Keterangan Microgynon

  • Golongan: Obat Keras.
  • Kelas Terapi: Kontrasepsi Oral.
  • Kandungan: Levonorgestrel 150 mcg,
  • Ethinylestradiol 30 mcg, Laktosa (placebo).
  • Bentuk: Tablet Salut.
  • Satuan Penjualan: Strip.
  • Kemasan: Strip @28 Tablet.
  • Farmasi: Bayer Indonesia.
  • Harga: Rp. 14.500 - Rp. 35.000/ Strip

Kegunaan Microgynon

Microgynon digunakan untuk mencegah kehamilan.

Dosis & Cara Penggunaan Microgynon

Microgynon merupakan golongan obat keras. Obat ini memerlukan resep dokter untuk pembelian serta penggunaannya.
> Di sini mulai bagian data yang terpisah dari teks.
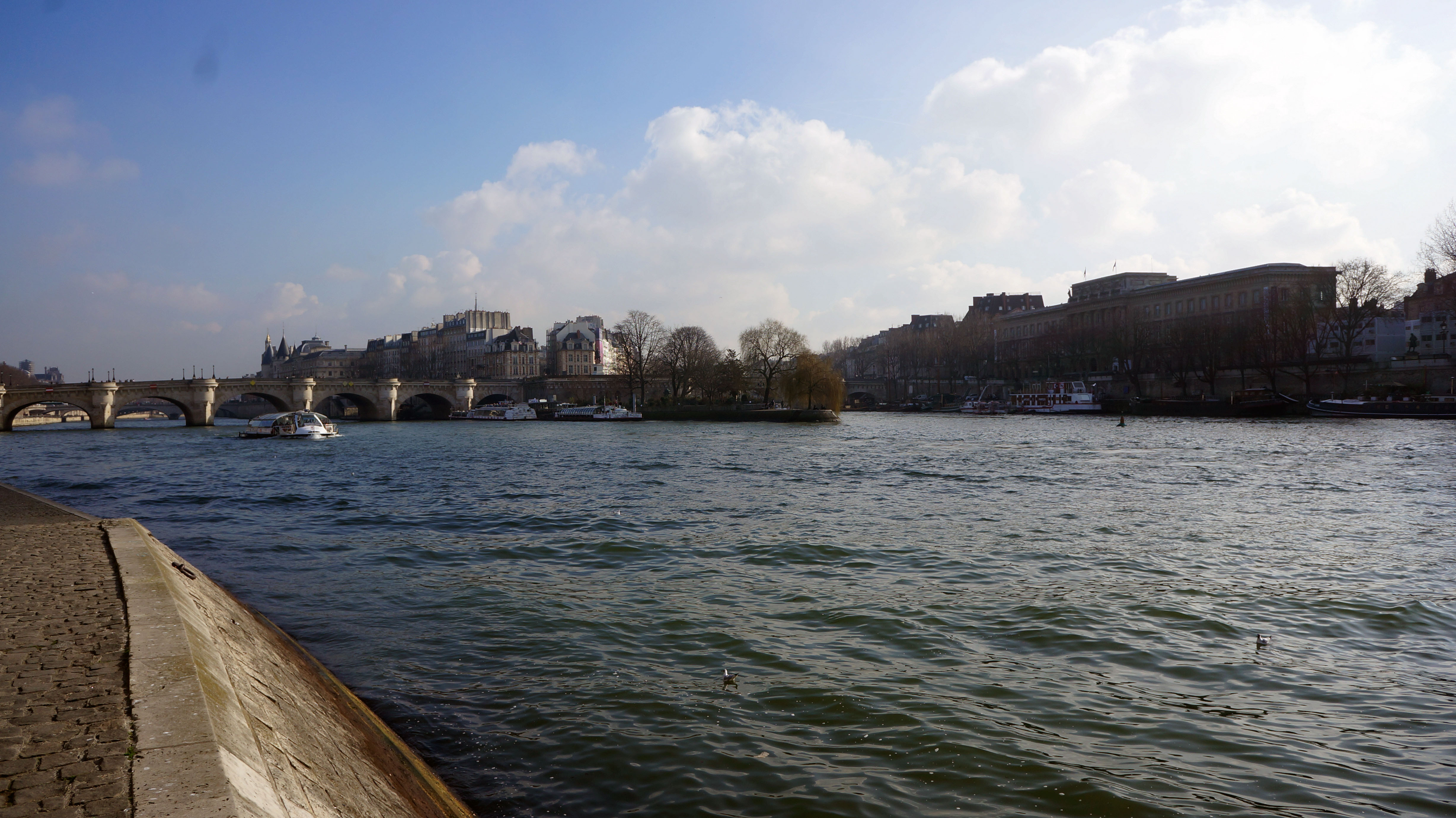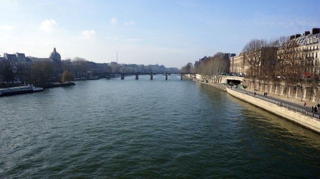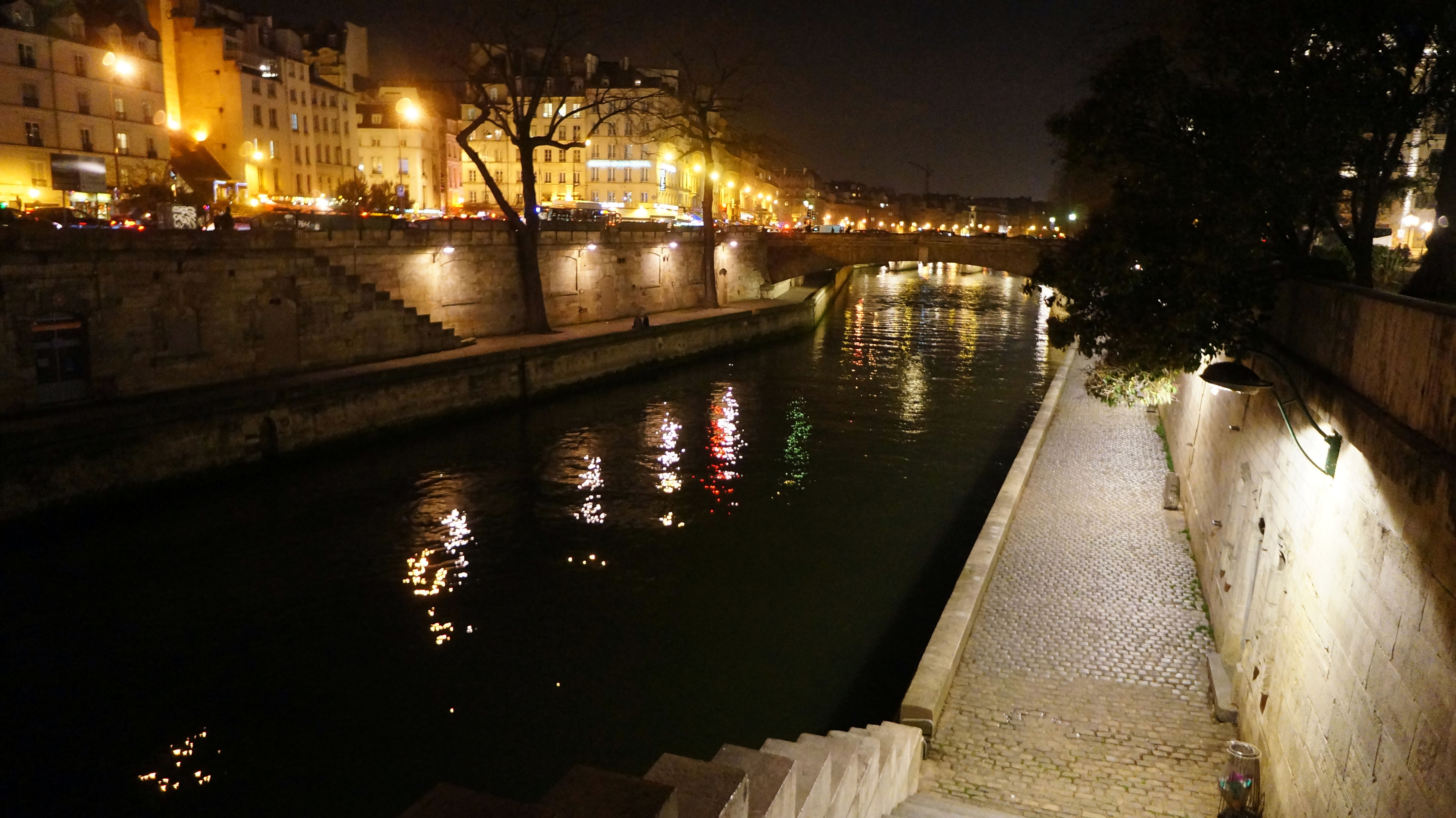 le long de la promenade maurice-carême, depuis le pont au double. au loin, on devine la place saint-michel.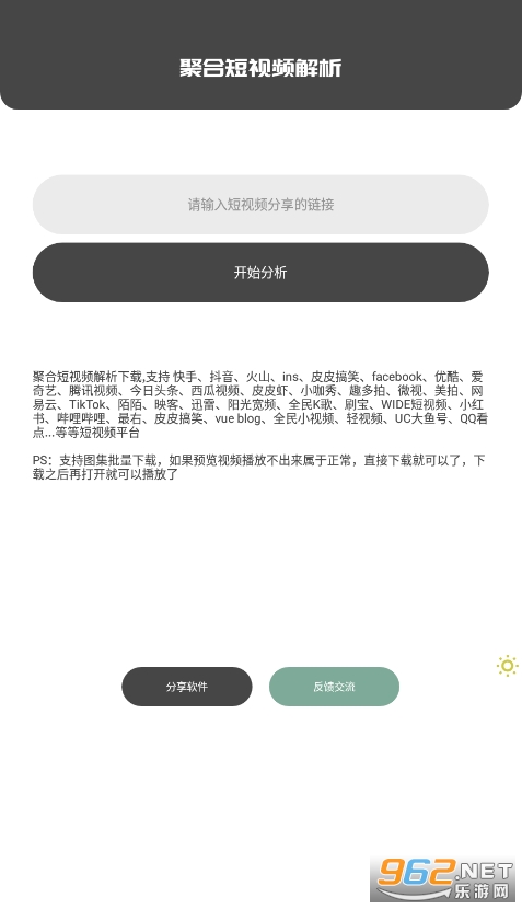《聚合解析(短视频解析)》是一款非常好用的短视屏链接提取平台,用户可以通过短视屏的传送链接来直接获取相对应的无水印资源哦,非常的方便快捷,目前支持各大知名视频平台下的短视频,随时可以提取哦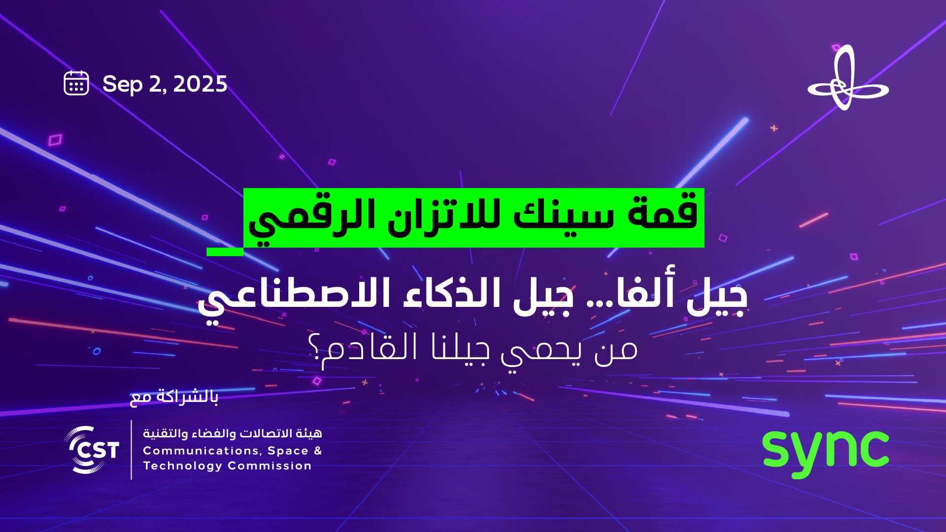 تستضيف هيئة الاتصالات والفضاء والتقنية قمة سينك للاتزان الرقمي، تحت شعار "جيل ألفا، جيل الذكاء الاصطناعي: من يحمي الجيل القادم؟"، وتجمع قادة الفكر والمؤثرين العالميين؛ وتقدم رؤى طموحة، وتجارب واقعية، وبيانات دقيقة؛ لإعادة تصور سُبل حماية جيل المستقبل، وجيل الذكاء الاصطناعي، وتعميق النقاش حول قضايا الاتزان الرقمي.

Dosis: 1 tablet perhari dimulai dari hari pertama menstruasi. 

Cara Penyimpanan
Simpan pada suhu dibawah 25 derajat Celcius.

Efek Samping Microgynon

Efek samping penggunaan Microgynon yang mungkin terjadi adalah:

  • Nyeri payudara.
  • Mual, muntah.
  • Nyeri perut yang hebat.
  • Nyeri perut.
  • Sakit kepala.
  • Perubahan mental atau suasana perasaan.
  • Perdarahan vagina yang tidak biasa (seperti bercak terus menerus, perdarahan berat tiba-tiba).
  • Urin gelap, mata dan kulit menguning.

Overdosis

  • Gejala: mual dan muntah, perdarahan dapat terjadi pada wanita.
  • Pengobatan: gejala spesifik dan suportif; induksi muntah dan pemberian arang dapat digunakan. Penanganan pasien overdosis hanya dapat dilakukan oleh tenaga medis profesional.

Kontraindikasi
Hindari penggunaan Microgynon pada pasien yang memiliki indikasi:

  • Kehamilan
  • Perdarahan vagina yang tidak terdiagnosis
  • Penyakit arteri yang parah (atau riwayat keluarga dengan profil lipid aterogenik)
  • Adenoma hati; porfiria
  • Pasien dengan riwayat kanker payudara
  • Gangguan hatit
  • Trombofloebitis atau gangguan tromboemboli
  • Karsinoma payudara kecuali pada pasien tertentu yang dirawat karena penyakit metastasis
  • Tumor yang bergantung pada estrogen
  • Merokok ≥40 batang setiap hari
  • Usia > 50 tahun
  • Pasien dengan komplikasi diabetes 
  • Pasien dengan BMI> 39 kg / m2
  • Migrain dengan aura fokal tipikal, berlangsung> 72 jam meskipun sudah diobati atau migrain diobati dengan turunan ergot
  • Tekanana darah > 160 mmHg sistolik dan diastolik 100 mmHg
  • Serangan iskemik transien tanpa sakit kepala
  • Penderita SLE; batu empedu; riwayat sindrom uremik hemolitik
  • Gatal-gatal selama kehamilan
  • Penyakit kuning kolestatik
  • Korea atau kemunduran pemfigoid otosklerosis
  • Menyusui selama 6 bulan pertama setelah melahirkan

Interaksi Obat
Berikut adalah beberapa interaksi obat yang umumnya terjadi saat penggunaan Microgynon:

  • Aminoglutethimide.
  • Carbamazepine.
  • Dicoumarol.
  • Hydrocortisone.
  • Phenobarbital.
  • Prednisolone.

Kategori Kehamilan
Badan Pengawas Obat dan Makanan Amerika Serikat (FDA) mengategorikan Microgynon ke dalam Kategori X:
Studi pada hewan atau manusia telah menunjukkan kelainan pada janin atau ada bukti risiko pada janin berdasarkan pengalaman manusia. Risiko penggunaan obat ini pada wanita hamil jelas melebihi manfaat yang diharapkan. Obat ini dikontraindikasikan pada wanita hamil dan wanita usia subur yang memiliki kemungkinan hamil.